EUROPEPOLITICS

White House commemorates the Holodomor

By Alexander Wienerberger, 1933
By Alexander Wienerberger, 1933

Office of the Press Secretary of the White House released a statement commemorating the atrocities against the Ukrainian people in early 1930s.

In its statement, the White House honored the memory of over 4 million (by some accounts 7.5-12 million) Ukrainians who were “starved to death in 1932 and 1933 by the barbaric policies of Stalin’s Soviet Union.” Holodomor – means “death by hunger” in Ukrainian – was instituted as a policy of starvation by Moscow which could not manage feeding its citizens.

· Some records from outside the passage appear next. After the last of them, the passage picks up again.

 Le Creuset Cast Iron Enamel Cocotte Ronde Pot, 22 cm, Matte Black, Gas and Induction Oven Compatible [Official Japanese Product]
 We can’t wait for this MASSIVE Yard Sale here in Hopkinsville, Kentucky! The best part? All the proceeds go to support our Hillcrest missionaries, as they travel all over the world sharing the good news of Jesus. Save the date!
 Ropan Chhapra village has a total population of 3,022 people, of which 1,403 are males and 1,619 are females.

“While the suffering of the Holodomor was immeasurable, this man-made famine failed to extinguish the unconquerable spirit of the Ukrainian people.  As we commemorate this horrific tragedy, we also pay tribute to the enduring strength, courage, and spirit of the people of Ukraine – qualities that Ukrainians continue to draw upon today as, in the face of great adversity, they seek to build a more prosperous, secure, and democratic state,” the statement reads.

The White House also reaffirmed “our shared commitment to Ukraine’s bright future, and to promoting respect for the universal human rights and fundamental freedoms that are the birthright of all humankind.”

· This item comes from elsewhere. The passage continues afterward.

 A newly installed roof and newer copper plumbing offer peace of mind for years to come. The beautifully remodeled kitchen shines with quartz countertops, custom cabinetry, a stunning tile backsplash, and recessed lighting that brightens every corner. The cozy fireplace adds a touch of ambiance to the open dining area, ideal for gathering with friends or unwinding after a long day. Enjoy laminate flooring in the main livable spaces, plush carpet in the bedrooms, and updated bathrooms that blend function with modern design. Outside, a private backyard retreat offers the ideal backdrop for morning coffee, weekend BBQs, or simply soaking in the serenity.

The first reports of multiple deaths due to malnutrition emerged from Vinnitsya and Kyiv oblasts. Most of the areas of Ukraine were undersupplied and many citizens were taken out of the rationing system in line with the Central Committee of the Communist Party of Ukraine Decree from December 1932. By the beginning of 1933, Dnipropetrovsk oblast was considered the worst hit by Holodomor since the region also suffered from epidemics of typhus and malaria. Kyiv and Odessa followed Dnipropetrovsk in magnitude of the tragedy.

The genocidal policies of the Soviet Russia were erased from the history books until the very liberalization of speech and eventual collapse of the Soviet Union in 1991. Ukrainians committed to restoring their bitter accounts of history and in 2006 formally recognized the tragedy as the genocide against its people. Several other governments followed the suit. Canada became the first government to recognize the genocide.

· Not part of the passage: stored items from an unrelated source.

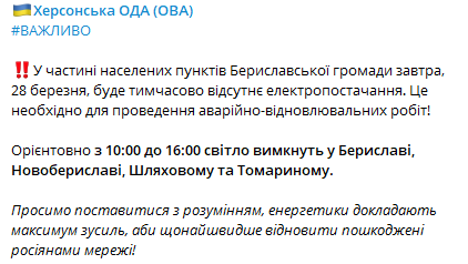 "Ориентировочно с 10:00 до 16:00 свет выключат в Бериславе, Новобериславе, Шляховом и Томарином. Просим отнестись с пониманием, энергетики прилагают максимум усилий, чтобы как можно быстрее восстановить поврежденные россиянами сети", - отмечают в ОВА.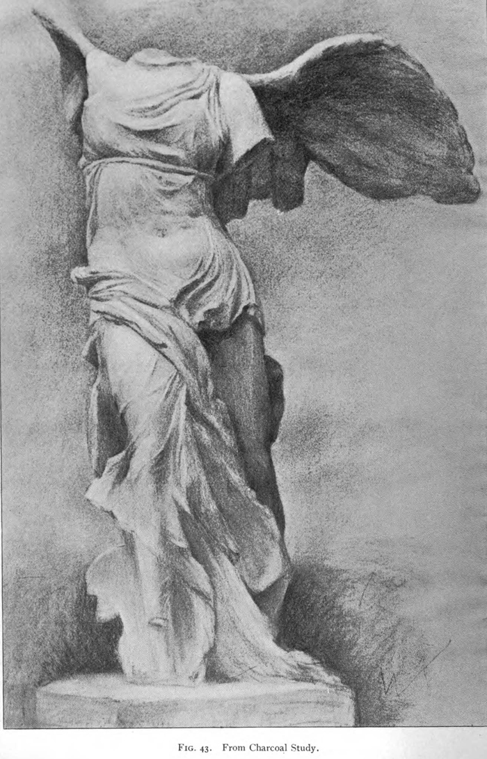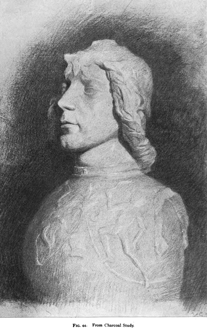 After this study of still life which enables the student to see form and values, he may draw from the antique such subjects as Figs. 43 and 44 ; after this work, he may draw from life; and finally he may study painting, beginning with still life which will prepare for the painting of the head and figure.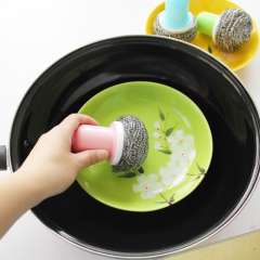1992 日式带柄钢丝球刷子清洁球 | 洗锅清洁刷 | 强力去污锅刷70G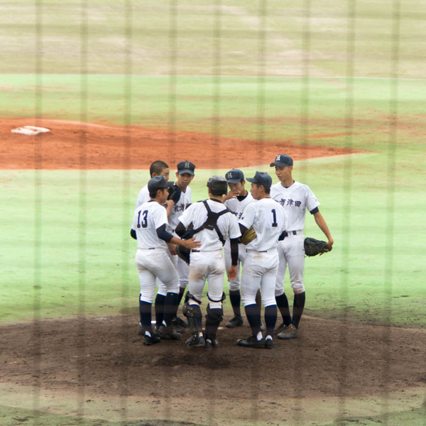 タイムをとってホームに集まった枚方津田高校の選手たち。
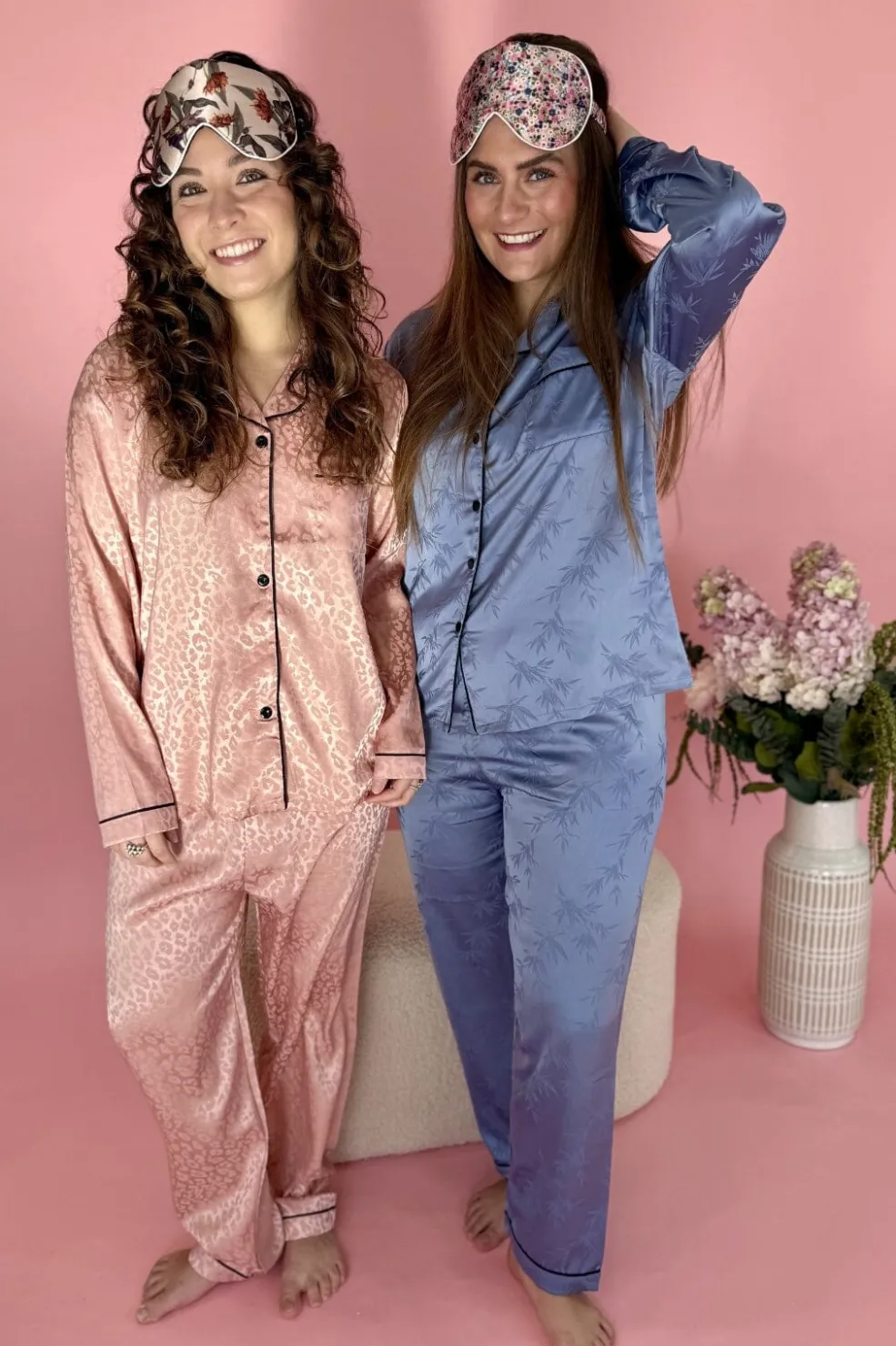 Blå pyjamas fra A-bee med bambusblad-mønster og sort kantebånd. Sættet består af en skjorte med brystlomme og matchende bukser i et skinnende stof.

On October 21, 2003 the U.S. House of Representatives passed a resolution incorporating findings of the U.S. Government Commission on the Ukraine Famine established on December 13, 1985 which concluded that “Joseph Stalin and those around him committed genocide against Ukrainians in 1932-33” and resolved to solemnly remember and honor the 70th anniversary of this “man-made famine” and “deliberate act of terror and mass murder.”

On April, 2004, the U.S. Senate passed the Resolution 202 recognizing that “the man-made Ukraine famine of 1932-33 was an act of genocide as defined by the United Nations Genocide Convention.”

Holodomor has played an important part in Ukraine’s resistance of Moscow’s rule over its people. The Ukrainian nationalists led Stepan Bandera fiercely fought the Red Army in the 1940s but were brutally suppressed. Moscow’s policies against Ukrainians matter today as never before as Kyiv fights the pro-Russian separatists in an effort to restore its territorial integrity and dignity of its people.